Corazón de María
La devoción al Corazón de María, está relacionada con la del Sagrado Corazón de Jesús y, por supuesto, constituye una expresión más del culto que se ha tributado a la Virgen a lo largo de toda la historia de la Iglesia. La denominación expresa de la misma es la de «Purísimo Corazón de María».
Fue San Juan de Eudes (1601-1680), contemporáneo de Santa Margarita María de Alacoque (1647-1690), quien difundió esta devoción y comenzó a celebrar la fiesta litúrgica correspondiente, aunque no pudo conseguir un Oficio propio, ni la aprobación definitiva por parte de la Santa Sede.
A comienzos del siglo XVIII, Pere de Gallifet unió las devociones al Sagrado Corazón de Jesús y al Corazón de María para lograr el mismo propósito, pero volvieron a frustrarse estas propuestas y, desde entonces, ambas iniciativas siguieron caminos diferentes.
No obstante, a lo largo de ese siglo, algunas diócesis instituyeron la fiesta, con la debida autorización, aunque circunscrita a sus respectivas jurisdicciones. Fue el impacto ocasionado por las revelaciones de la llamada «medalla milagrosa» en 1830, lo que más influyó en la consolidación de esta devoción. En 1855, la Sagrada Congregación de Ritos aprobó, finalmente, el Oficio y la Misa del Purísimo Corazón de María, que, desde 1944, tiene carácter universal para toda la Iglesia.

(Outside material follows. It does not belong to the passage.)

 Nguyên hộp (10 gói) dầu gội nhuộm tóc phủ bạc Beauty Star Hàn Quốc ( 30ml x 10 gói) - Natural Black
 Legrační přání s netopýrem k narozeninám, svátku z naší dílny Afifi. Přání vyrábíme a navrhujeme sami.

Una gran influencia en la difusión de esta devoción tuvieron las apariciones de Fátima y las consagraciones efectuadas por el Papa Pío XII en 1942. Especialmente devoto fue San Juan Pablo II que realizó una nueva consagración en la Solemnidad de la Anunciación de 1984, en un acto celebrado en la plaza de San Pedro. Él siempre unió el Corazón de María al Corazón de Jesús y, con ocasión del Año Santo Mariano de 1987, pidió a todos los cristianos que participaran en una gran alianza, por medio de la consagración personal a los Sagrados Corazones.
Como en el caso del Sagrado Corazón de Jesús, la devoción al de María intenta centrar el significado que el corazón ha tenido, entre las gentes e, incluso en la tradición literaria, como sustento físico de las emociones y sentimientos.

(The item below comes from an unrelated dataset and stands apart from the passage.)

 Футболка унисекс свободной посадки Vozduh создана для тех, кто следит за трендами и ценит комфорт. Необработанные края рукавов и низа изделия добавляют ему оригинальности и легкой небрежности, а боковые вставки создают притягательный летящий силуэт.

El corazón de la Virgen sería, en consecuencia, el símbolo de todas las virtudes con las que fue adornada por la Providencia y, también, del amor con el que consagró su vida a dar cumplimiento a la voluntad del Padre. Un amor que, como Madre, manifestó reiteradamente en su acompañamiento al Hijo en el camino de la Redención y del que, participamos todos, desde el momento supremo de la Cruz cuando, en sus últimos momentos, el propio Cristo nos la entrega como Madre, a través del discípulo amado.